# Where can I get a plow from? HELP



## kg26 (Feb 5, 2013)

I've been in dealerships for the past 3months and the cost of a new plow is beyond me right now. I'd like a second hand plow for a 2000 Silverado 1500 Z71. I've look on Craig's list and have seen 7'6'' Western subs for sale I like those I think they will fit my needs, as I am only doing residential and a small lot for now. 

What parts will I need if I do find a plow I like on craig's list? 
1. The plow
2. The truck mount
3. The Wiring Harness
4. The plow controller am I missing anything?


Another question with it being January 10, does it even make sense to buy a plow this late in the season? I've been getting by with a new 2 stage snow thrower.


----------



## Martinson9 (Dec 6, 2006)

Where are you? In Minnesota we still have a lot of snow to plow. The question is, can you find any business this far into the year. In most places you would probably have a hard time finding accounts.


----------



## kg26 (Feb 5, 2013)

In Mich, still getting calls. Do I have all the parts to the plow correct?


----------



## 32vld (Feb 4, 2011)

What kind of prices are you seeing for new?

Dealers will give better prices after the season.


----------



## kg26 (Feb 5, 2013)

$3600-$4300


----------



## MajorDave (Feb 4, 2011)

Seems very reasonable...and yes - you got it all...basically tell em you need EVERYTHING - Plow side & Trucks side!


----------



## Whiffyspark (Dec 23, 2009)

kg26;1717375 said:


> $3600-$4300


After you buy a uses blade budget at least $1000 for wiring mount etc

New ain't so bad


----------



## TPCLandscaping (Jan 19, 2012)

find a cheap 3/4 ton with a plow already on it and put your half ton away for the winter… you can thank me later


----------



## quigleysiding (Oct 3, 2009)

TPCLandscaping;1717391 said:


> find a cheap 3/4 ton with a plow already on it and put your half ton away for the winter… you can thank me later


x2..........


----------



## ColliCut (Dec 22, 2013)

It can be somewhat difficult (not impossible) to piece together everything you need, as used pieces are hard to find and the prices for new wiring/controller/mounts makes it impractical to buy a used blade.
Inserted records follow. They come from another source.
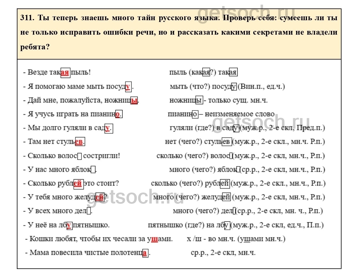 Рассмотрим ответы на Упражнение 311 из учебника по русскому языку для 4 класса Соловейчика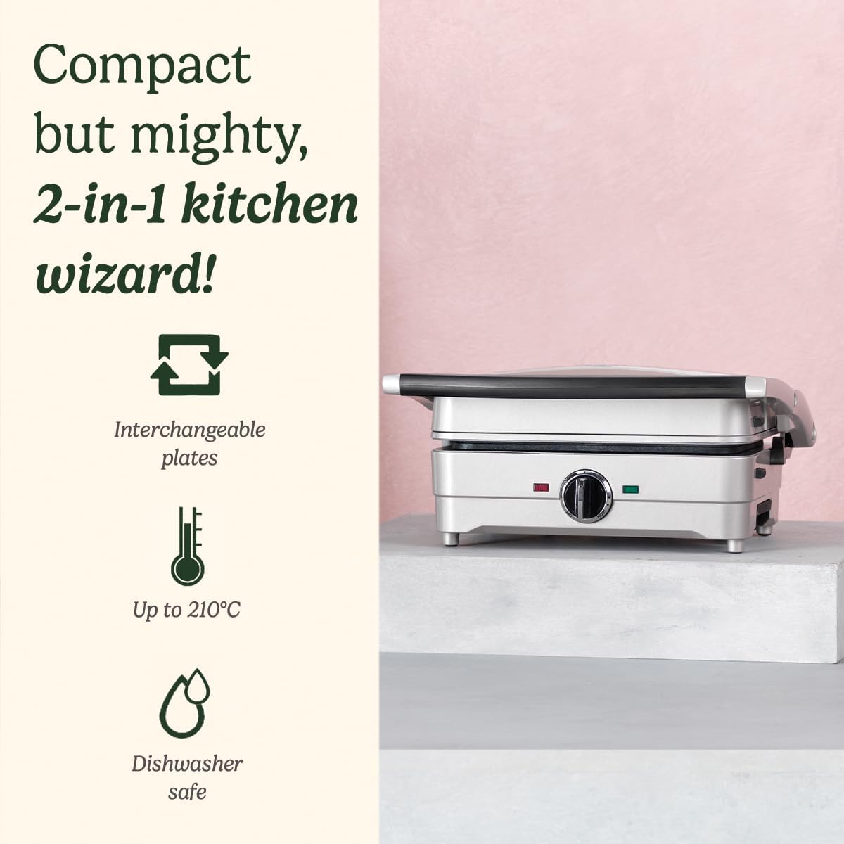 210°C even heating for consistent waffle and pancake results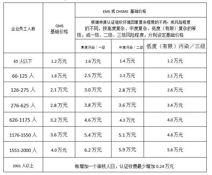 2)同等人数规模,但组织内部机构复杂程度不同。例如:一个集团性公司下属若干公司/分公司/事业部同时申请认证,与单一公司申请认证,尽管人数可能相同,但认证的复杂程度和工作量显然不同,前一企业的认证费可能高于后一企业;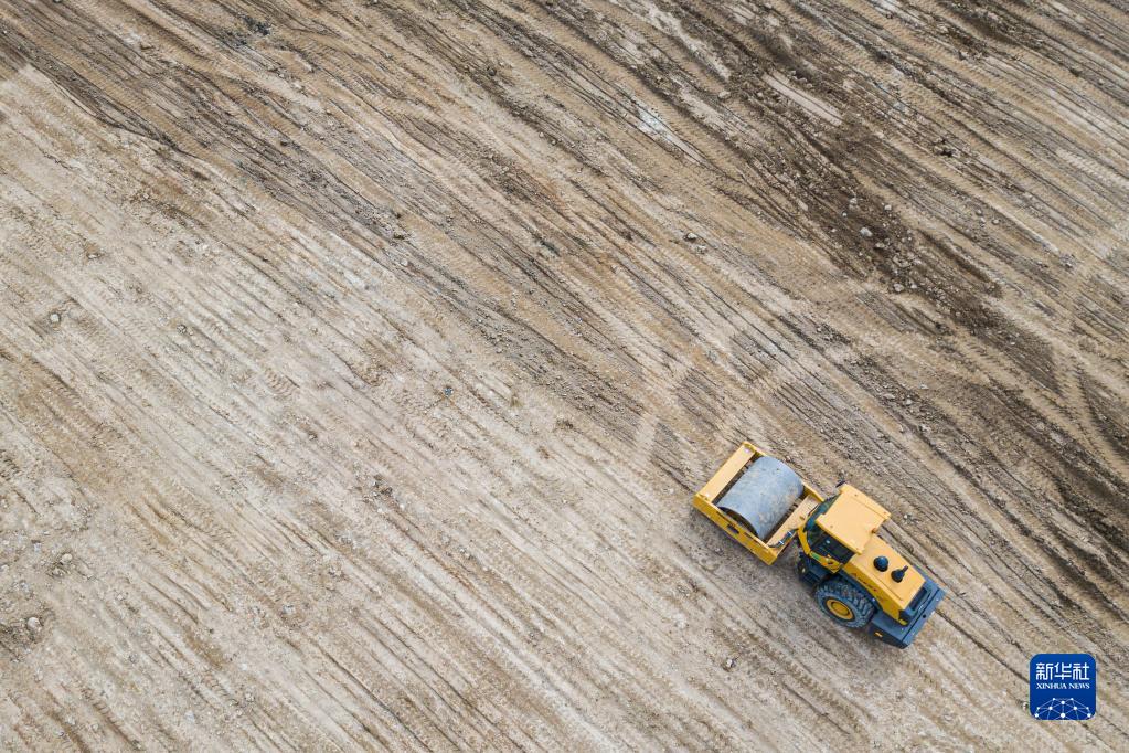 10月3日,工程機械在位于海南洋浦經濟開發區的洋浦海上風電產業園項目工地施工(無人機照片)。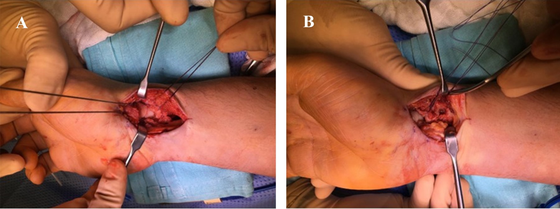 Se suturó cápsula articular, ligamento radioescafogrande, vientre muscular y fascia de pronador cuadrado con vicryl (Ethicon) del número 2 utilizando puntos en "X" y tejido celular subcutáneo y piel con MONOCRYL (Ethicon) 4-0 con puntos invertidos y subdérmicos respectivamente. Se cubrió la herida con gasas y férula antebraquiopalmar.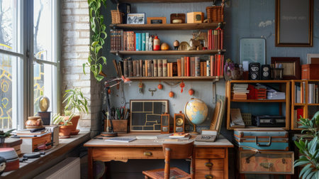 Cozy Vintage Home Office with Bookshelves, Nostalgic Decor, and Natural Light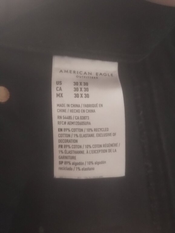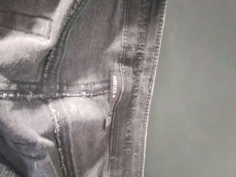 Es un pantalón de Mezclilla color Negro marca American Eagle Seminuevos, sin detalles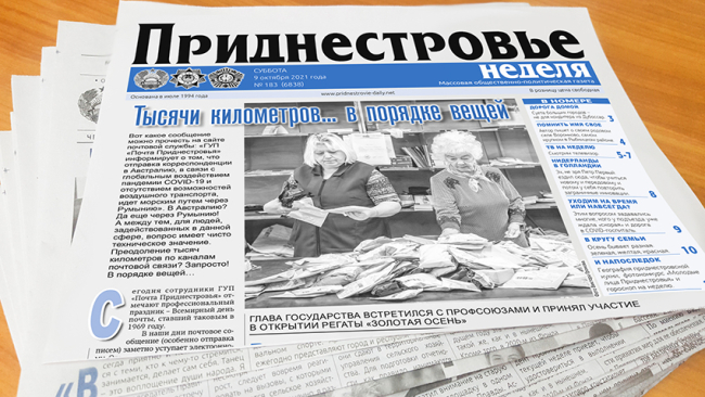 Тирасполь, 8 октября. /Новости Приднестровья/. Преодоление тысяч километров по каналам почтовой связи? Запросто! Сотрудники ГУП «Почта Приднестровья» готовятся отметить профессиональный праздник – Всемирный день почты. Отпразднуют его завтра, 9 октября. О работе приднестровских почтовиков читайте в субботнем номере газеты «Приднестровье».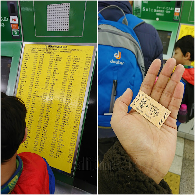 Penerangan ada gambar sebelah kiri. Full in Japan. Tapi nak mudah, tengok kat mesin. Jangan lupa tekan English. Keluarlah tiket sebesar gambar kanan. Harga 170 yen. Yang nombor bawah tu untuk harga budak 80 yen.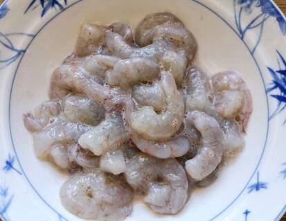 将虾仁放入碗中,加少量盐。用手抓匀放置5分钟(用盐先抓洗一下就可以洗去表面的黏液,这样炒出来的虾仁才会清脆好吃)。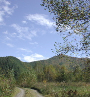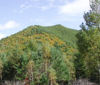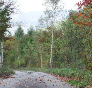 色付き始めた木々を眺めながら 緩くて長い坂道をのんびりと登ります。 |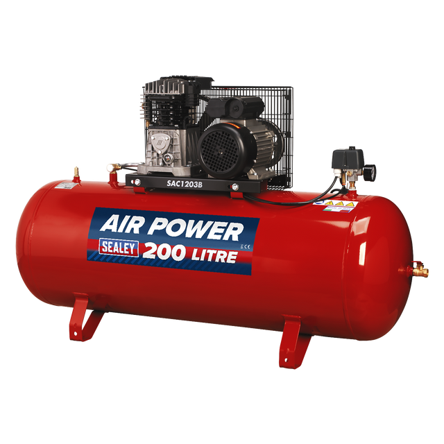 Air Compressor 200L Belt Drive 3hp with Cast Cylinders - SAC1203B 125.0 kg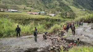Nduga Papua – Prajurit TNI Pos Grinbun Satgas Yonif RK 114/Satria Musara bersama masyarakat melaksanakan gotong royong membersihkan material longsor dan memperbaiki kondisi jalan yang rusak di Kampung Silan Distrik Dal Kabupaten Nduga. Rabu (2/2/2022).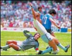 ففي مباراة الأرجنتين وإنجلترا في نهائيات كأس العالم 1986م وبعد دقائق معدودة من إحرازه الهدف الأسطوري بيده استلم مارادونا كرة في منتصف الملعب وبحركة بارعة استطاع التخلص من لاعبين إنجليزيين ومن ثم انطلق باتجاه المرمى ........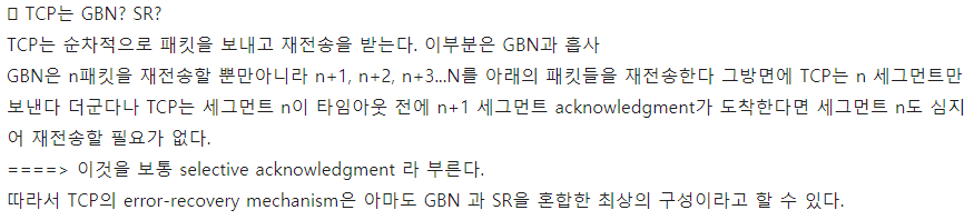 TCP는 그럼 GBN 또는 SR 중 어떤 것을 사용할까? TCP는 사실 GBN과 SR을 혼합하여 사용한다.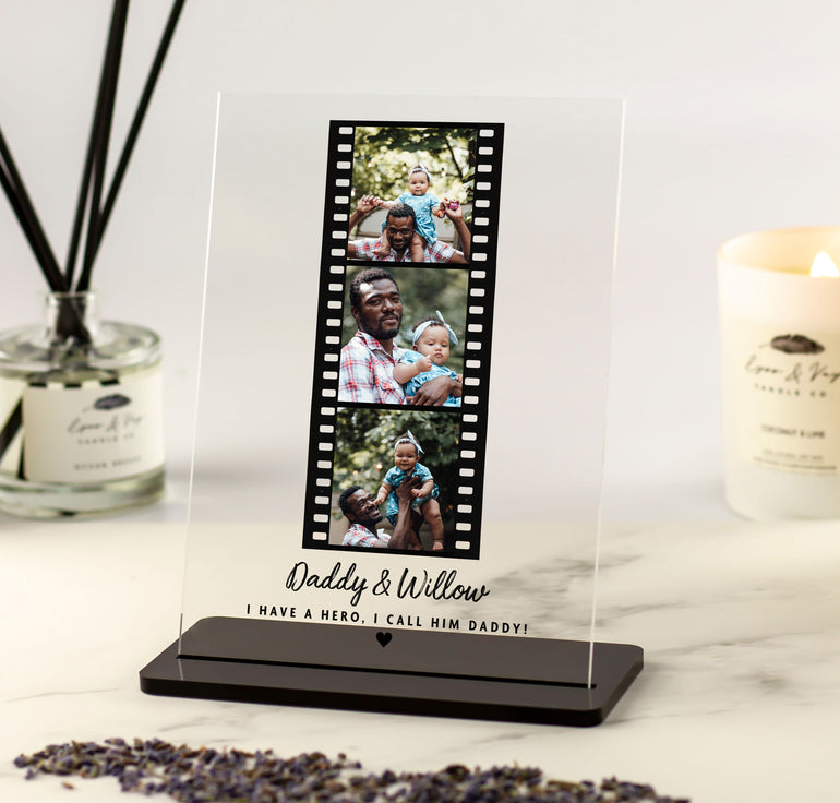 'I Have A Hero, I Call Him Daddy!' 3 Photo Strip Gift for Dad - Acrylic Photo Plaque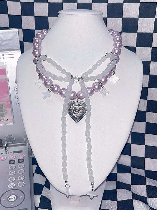 Bowknot Purple Design Beaded Y2K Pendant Heart Necklace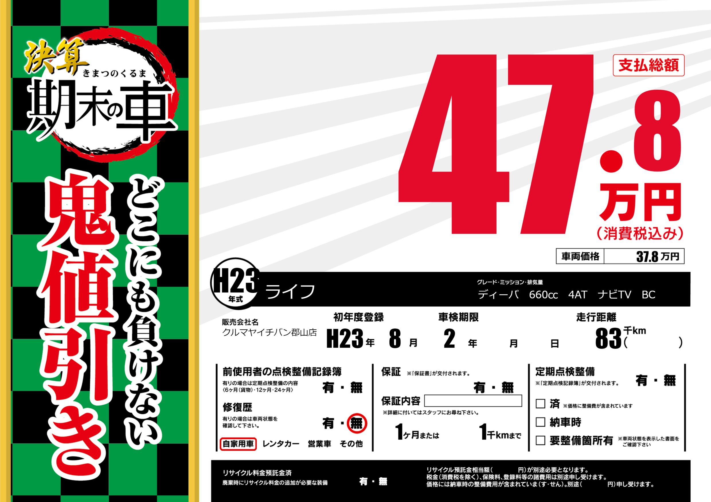 | 走行キロ | 8.3万km | 初年度登録 | H23年8月 |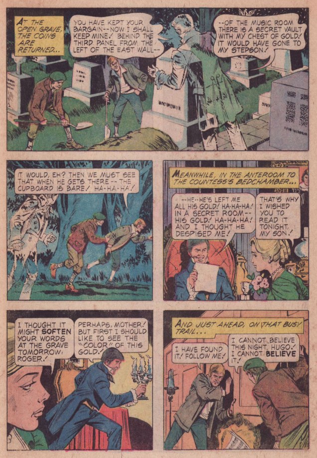 Here we have Hamilton, Ontario’s Win Mortimer (1919-1998) at his most stylish. A competent craftsman, he drew a lot of Superman and Batman for DC in the Golden Age, and may be most remembered by readers of a certain generation for his work on Marvel and The Children’s Television Workshop‘s Spidey Super Stories (57 issues, 1974- 1982). As for me, I was always fondest of his work for Gold Key’s mystery titles, where he seemed to be having more fun.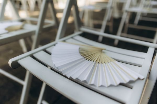 Handheld fans that double as wedding favors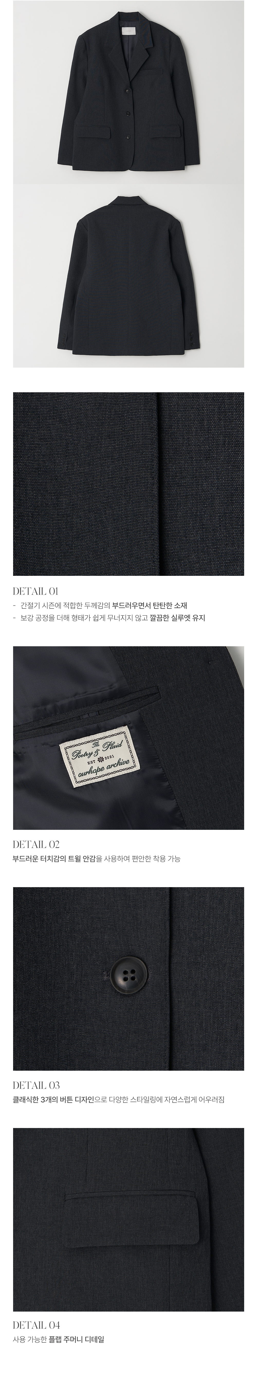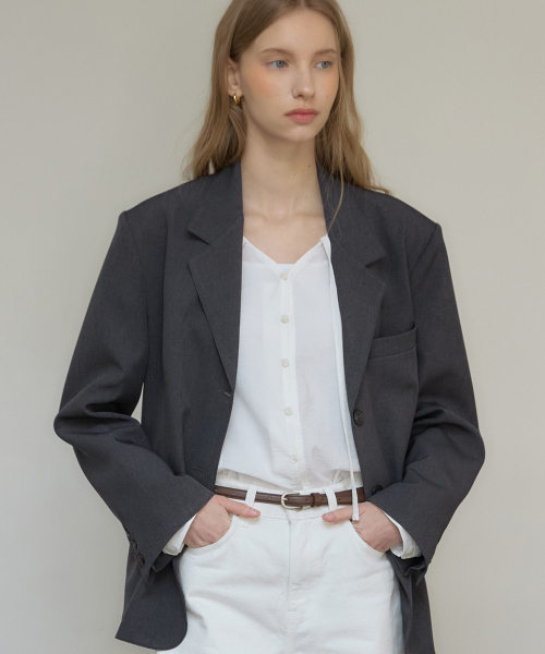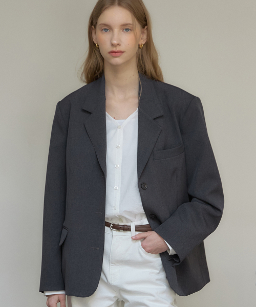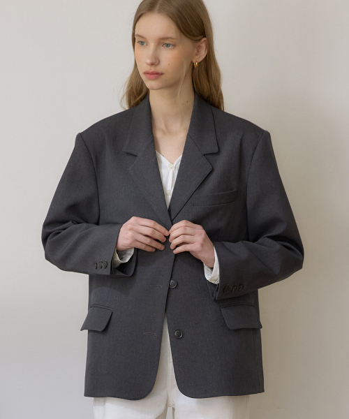 시그니처 싱글 버튼 자켓 - Charcoal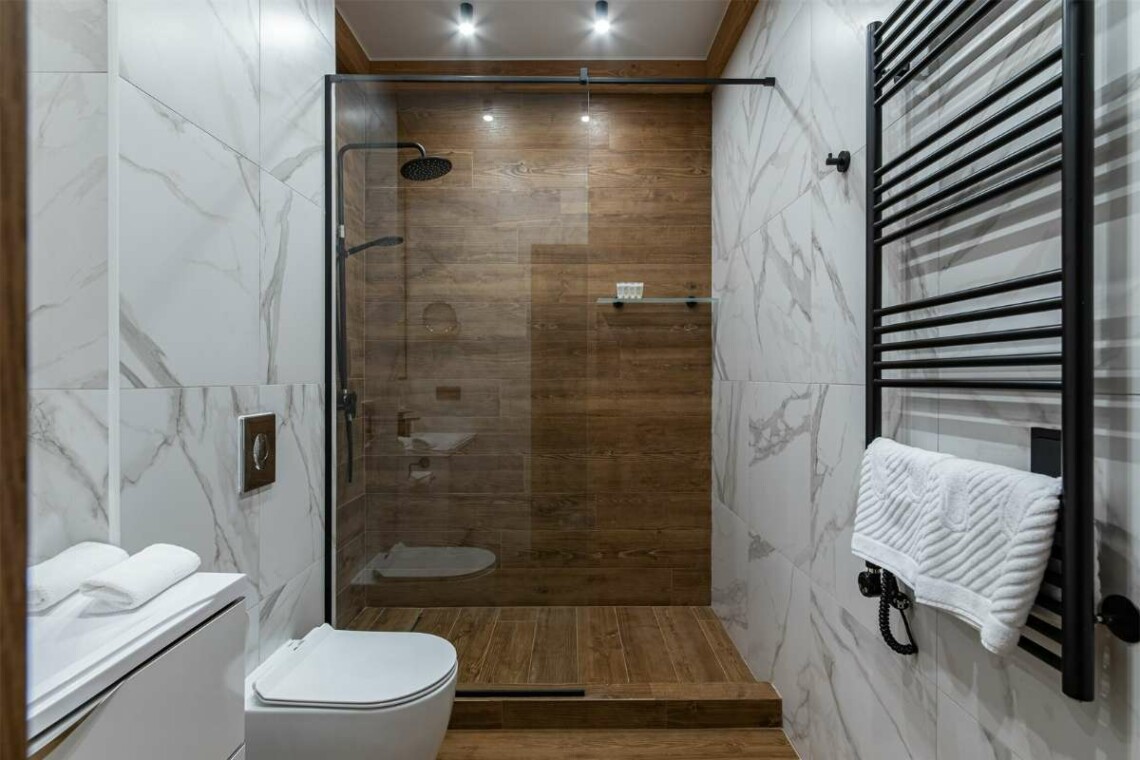 Двухкомнатный комфортабельный просторный номер, где стоит двуспальная кровать и большой раскладывающийся диван. В номере есть все удобства, установлен кондиционер
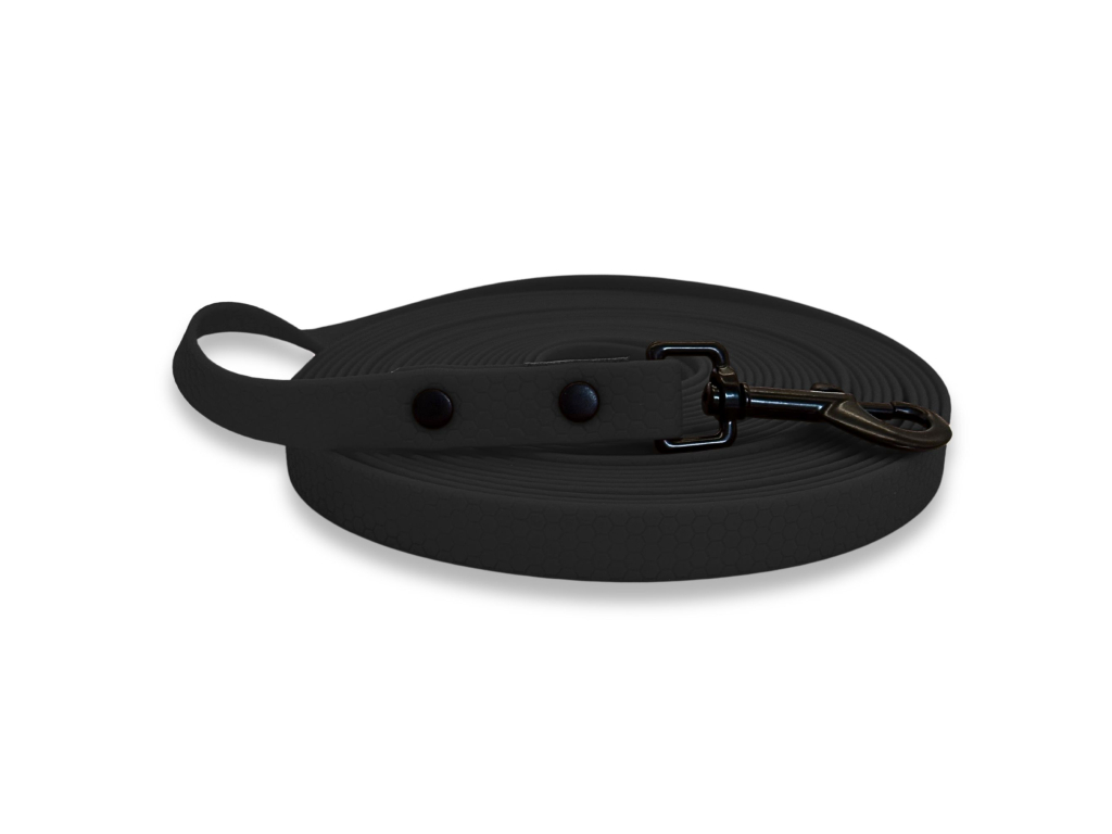 VÝPRODEJ: PafDog® voděodolné HEXA stopovací vodítko ploché, 1,6 cm, 10 M, KARABINA 70 MM - černá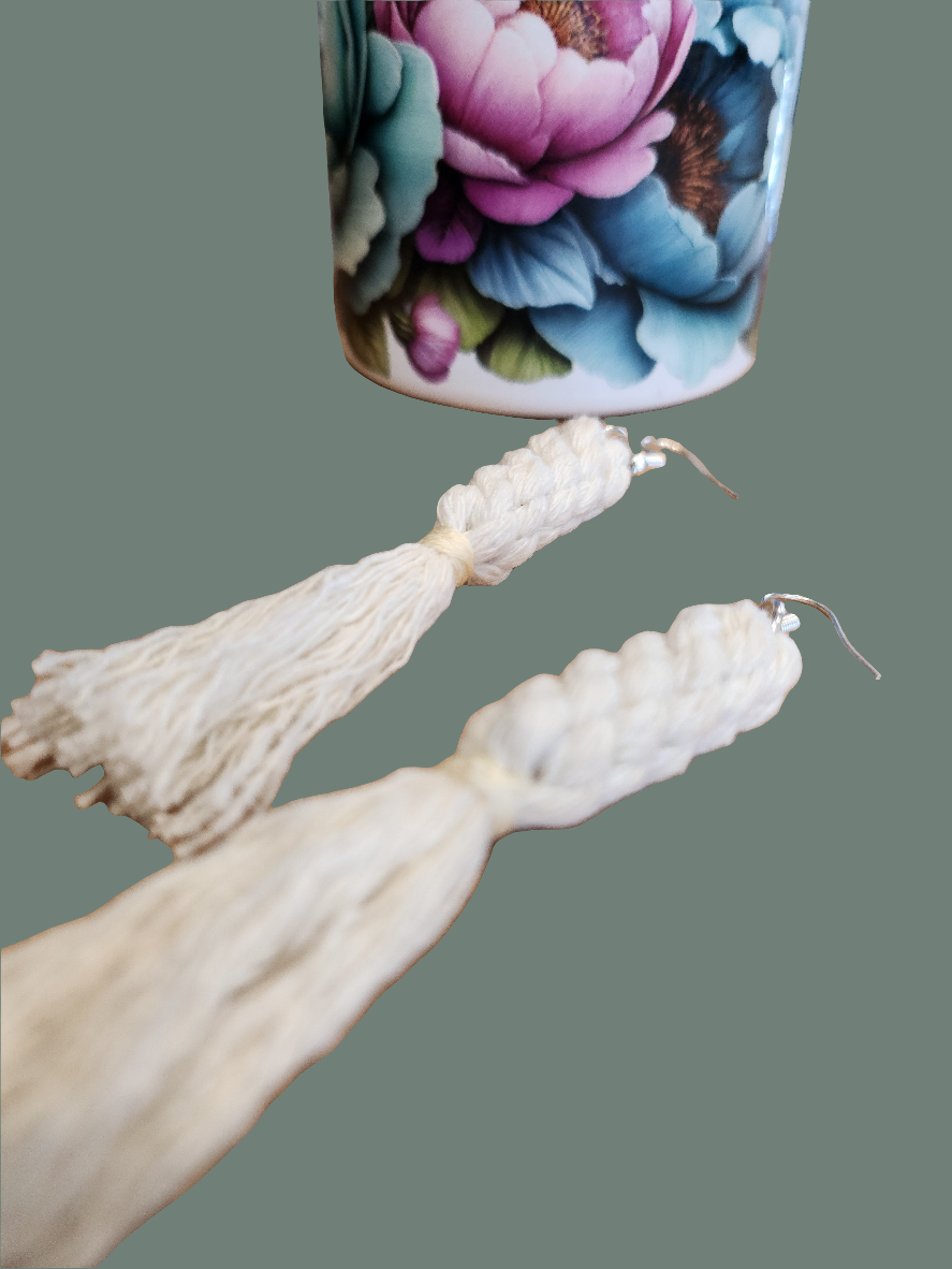 These Boho Knotted Macramé Long Tassel Fringe Earrings in Ivory White are the perfect statement accessory for any outfit and occasion.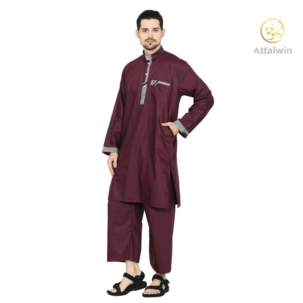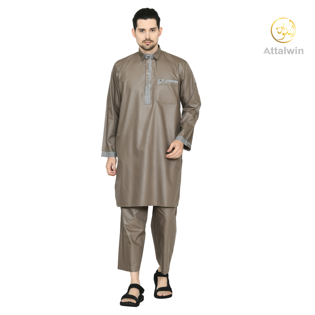 Attalwin - Gamis Jubah Pria Setelan Kurtah Umroh Haji Tanpa Manset SD053

I recommend holding out until you can find a complete set-up that came off your style truck. That's what I did (ended up finding a Western Uni-Mount 7'-6" Poly in great shape for $2,500 on Craigslist), and I don't regret it at all. I spent about $100 replacing all of the hardware and some of the wiring terminals; other than that, I had every single piece that I needed to install it on my truck.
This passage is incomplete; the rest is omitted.